In my opinion the main reason is that we want these tables to be stable and not be dependent on the Unicode tables of the Swift compiler that was used to build the new Swift compiler.
That's a fair point now, but is it a sustainable position long-term? If we do ever want to add normalization/confusables support for identifiers at some point in the future, the parser (and the rest of the compiler) will eventually need to use Unicode properties or other Unicode APIs in some fashion.
I think that’s a discussion we can have but I don’t think this review thread is the right place to have that conversation.
That feels like a choice we might regret, as it splits the language into multiple parallel dialects. On Apple's platforms, the Swift Standard Library (and the Unicode tables therein) ship as part of the operating system.
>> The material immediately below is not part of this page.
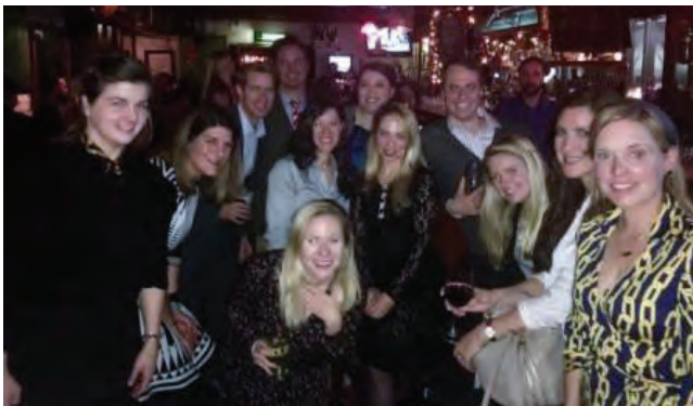
Younger Members Night at Fraunces Tavern.
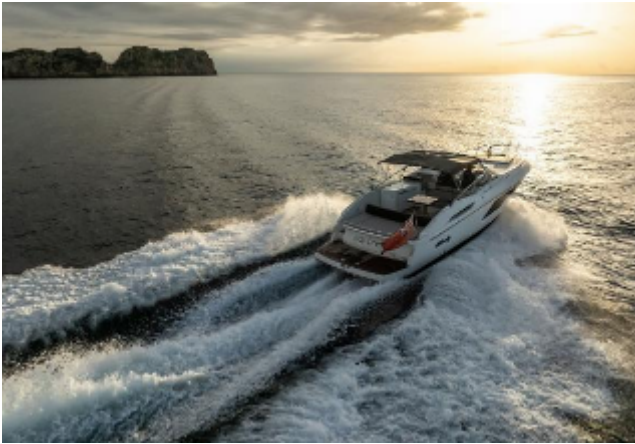
Windy 39 Camira For Sale

If the parser uses the same Unicode implementation as the stdlib, then the same compiler binaries will exhibit different behavior based on the version of the OS they're running on.
That sounds like the right thing to do!
That sounds like a good plan.
Caveat: If we let the stdlib dictate what code points are considered assigned, then the set of accepted characters will be decided by the version of the host OS that builds the code, not the version of Swift implemented by the compiler. That feels bad to me.
Yes, that would make the rules eminently clear.
"Regex-based tooling" raises some alarm bells for me, for the same reason as above. I think it would be a mistake to allow Swift code to fail to build (or to let their behavior change) because somebody upgrades their build environment's OS.
This was a clarifying question. I did not mean to hint that the two foo;bar
spellings above should be the same (nor different) -- I think the behavior should be explicitly stated, though, as it has direct ABI stability implications.
Not doing any normalization whatsoever avoids issues with Unicode versioning, which I believe is a clear benefit.
If Swift itself will not set rules, the rational thing to do is probably for each project to set up strict policies about what sets of characters they are willing to accept within their source code, and what subset of that they feel acceptable to expose on their ABI surface.
This is a good point. The first solution that comes to mind would be to effectively "freeze" the current ranges of unassigned code points by hardcoding them into the parser, and anything added to the Unicode standard later on wouldn't be available until the compiler was explicitly updated to support it. The number of contiguous ranges of unassigned code points is quite large, but other than that I can't think of a technical reason it wouldn't work.
I suspect that we're still going to have a reckoning with this kind of problem in the future if we want to support things like normalization, unless the answer to that (and maybe it is) is also that the parser must maintain its own copies of the Unicode data that it needs to perform those operations.
To clarify, what I meant here was that the reduced set of valid whitespace characters would simplify tools like regex-based syntax highlighting and the sort; nothing specifically related to building the code itself.